Objective: Indexes of early renal glomerular and tubular dysfunction have been demonstrated in type I diabetes, but it remains uncertain whether such changes are genetically determined or are secondary to the disease process. We therefore undertook to study whether early markers of renal dysfunction are a consequence of type I diabetes or inherited.
Research design and methods: We estimated both urinary albumin excretion (UAE) and urinary retinol-binding protein (RBP) in 51 identical twin pairs discordant for type I diabetes and in 51 matched control subjects.

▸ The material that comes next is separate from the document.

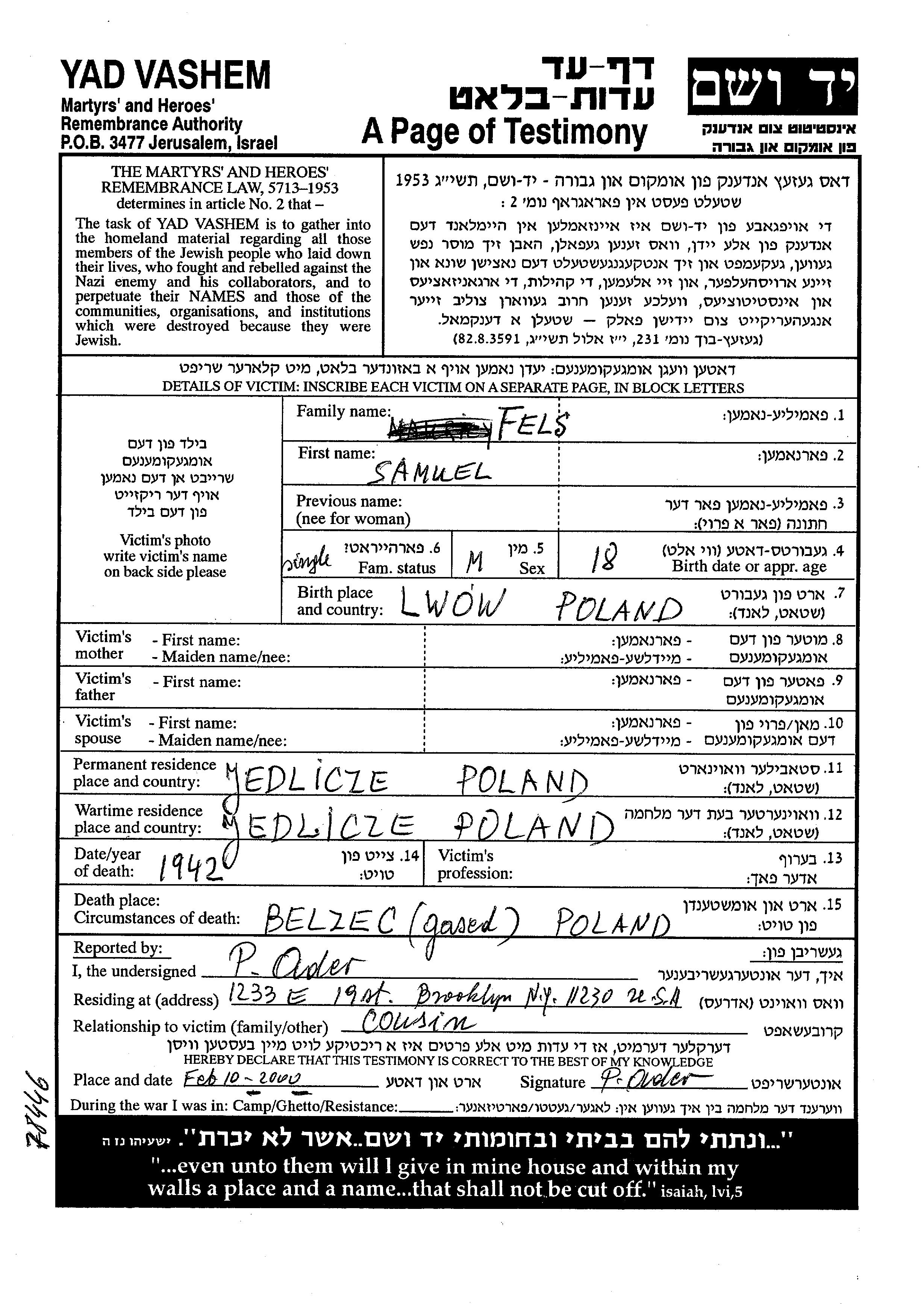 Samuel wurde in der Schoah ermordet. Todesort: Belzec, Polen im Jahr 1942.

Results: UAE and RBP were significantly higher in the diabetic twins than in their nondiabetic co-twins (P < 0.0001 and P < 0.0002, respectively). Seven diabetic twins had elevated UAE, but none of the nondiabetic co-twins did. In a subgroup of 44 twins with normal UAE (albumin excretion rate < 20 micrograms/min), diabetic twins had both a higher albumin excretion function (median [range]; 0.64 [0.18-2.74] mg/mmol creatinine) than their nondiabetic co-twins (0.48 [0.24-1.40], P < 0.01) and higher levels of RBP excretion (10.4 [4.0-167.0] micrograms/mmol creatinine) than their nondiabetic co-twins (7.5 [0.97-23.0], P < 0.05). Values between twins of a pair were significantly correlated for RBP (r = 0.36, P < 0.05) but not for UAE (r = 0.13).
Conclusions: These results suggest that in type I diabetes, an index of renal tubular function (RBP), but not glomerular function (UAE), is influenced by shared genetic and nongenetic factors. Type I diabetes can affect renal tubular function even when glomerular function is normal. We conclude that neither the increased UAE nor urinary RBP found in type I diabetes is inherited independently of the diabetes process.